Generally speaking, an applicant who meets the above criteria will be considered for discretionary admission for up to 30 months, 2.5 years, with the possibility of extending the applicants stay for an additional 30 months, 2.5 years. A qualified applicant may bring his/her spouse and minor children, if applicable. Additionally, applicants will be required to submit biometric information regarding the company’s development. No more than three foreign entrepreneurs may receive parole admission for one start-up.

Once parole admission is granted the entrepreneur may only be employed by the start-up for which parole admission was granted. An accompanying spouse may not seek employment unless he/she receives special visa status pursuant to 8 CFR 212.19 or is otherwise separately eligible for parole status as an entrepreneur. After parole admission is granted the DHS may revoke parole admission at any point if the DHS determines there is no longer a significant public benefit, the start-up ceases to conduct business in the United States, or the DHS has reason to believe that the applicant engaged in fraud or misrepresentation.

Additional Parole Period

To be considered for an additional parole period, the DHS considers several factors. First, an applicant must be able to demonstrate the continuation of the start-up and that the start-up continues to demonstrate substantial potential for growth.

Second, the applicant must demonstrate he/she continues to be an entrepreneur. To be considered an entrepreneur an applicant must retain a significant ownership interest, at least 5%, and maintain an active in central role in the daily operations and future growth of the company. Parole renewal requires a lower ownership interest than the original application to account for the need of additional financial investments from venture capitalists during the initial start-up period.

Third, an applicant must demonstrate significant investment, revenue, or job creation. A significant investment is demonstrated if the start-up receives an additional $500,000 investment during the parole period. The start-up can demonstrate significant revenue by generating $500,000 in annual revenue with annualized revenue growth of at least 20% during the parole period. Job creations can be satisfied by the creation of 5 full time jobs for U.S. workers during the parole period.

If an immigrant entrepreneur meets part of one or more of the above criteria the entrepreneur may still apply and their application will be reviewed in the totality of the circumstances. The focus of the review will be on the start-ups likelihood to continue to provide significant public benefit.

All parole renewal, regardless of whether the above requirements are satisfied, is reviewed on a case-by-case basis.
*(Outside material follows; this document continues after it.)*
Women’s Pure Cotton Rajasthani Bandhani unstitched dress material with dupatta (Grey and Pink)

During the parole renewal period, the DHS retains the right to revoke parole at any time.

Ability to Change Immigration Status after Parole           

At the end of the parole period, a parolee may be able to apply to change status to an immigrant or a nonimmigrant visa status for which they are eligible. However, parole is not considered admission into the United States, therefore many entrepreneurs will likely have to leave the United States and apply for a visa in their native country.  Contact our office to help decide which immigrant or nonimmigrant visas may be available to each individual.
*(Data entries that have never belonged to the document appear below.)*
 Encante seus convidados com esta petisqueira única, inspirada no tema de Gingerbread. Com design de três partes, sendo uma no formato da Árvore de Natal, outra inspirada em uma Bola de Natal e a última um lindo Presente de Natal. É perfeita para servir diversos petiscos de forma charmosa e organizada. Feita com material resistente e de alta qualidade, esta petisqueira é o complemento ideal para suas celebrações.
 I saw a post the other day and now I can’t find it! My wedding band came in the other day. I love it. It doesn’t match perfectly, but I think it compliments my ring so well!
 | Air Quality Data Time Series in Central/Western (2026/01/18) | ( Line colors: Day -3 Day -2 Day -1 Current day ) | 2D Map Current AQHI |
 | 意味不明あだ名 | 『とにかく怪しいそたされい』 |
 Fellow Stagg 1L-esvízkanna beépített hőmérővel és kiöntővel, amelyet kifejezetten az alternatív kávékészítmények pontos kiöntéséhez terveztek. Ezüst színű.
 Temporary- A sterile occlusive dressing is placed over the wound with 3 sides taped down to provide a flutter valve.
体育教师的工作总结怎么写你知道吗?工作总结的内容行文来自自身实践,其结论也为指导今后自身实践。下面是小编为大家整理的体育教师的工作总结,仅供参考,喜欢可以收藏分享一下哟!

Changes from the Proposed to Final Rule           

Several changes were made to the proposed international entrepreneur rule after the notice and comment period. Some of the most notable changes to the final rule included: 1) investment amount lowered from $345,000 to $250,000 in the final rule; 2) start-up ownership requirements were lowered from 15% to 10% the first parole period and 5% at the time of re-parole; 3) a start-up was originally considered “recently formed” if founded in the last 3 years, but under the final rule the company is considered recently formed if created in the last 5 years; and 4) the job creation requirement was lowered from 10 to 5 new full time jobs.

As the Rule Develops           

The international entrepreneur rule adds an exciting alternative way for start-ups to grow in the United States. The general criteria above will serve as a baseline for the rule to develop, but as immigrant entrepreneurs begin to apply more information will be available.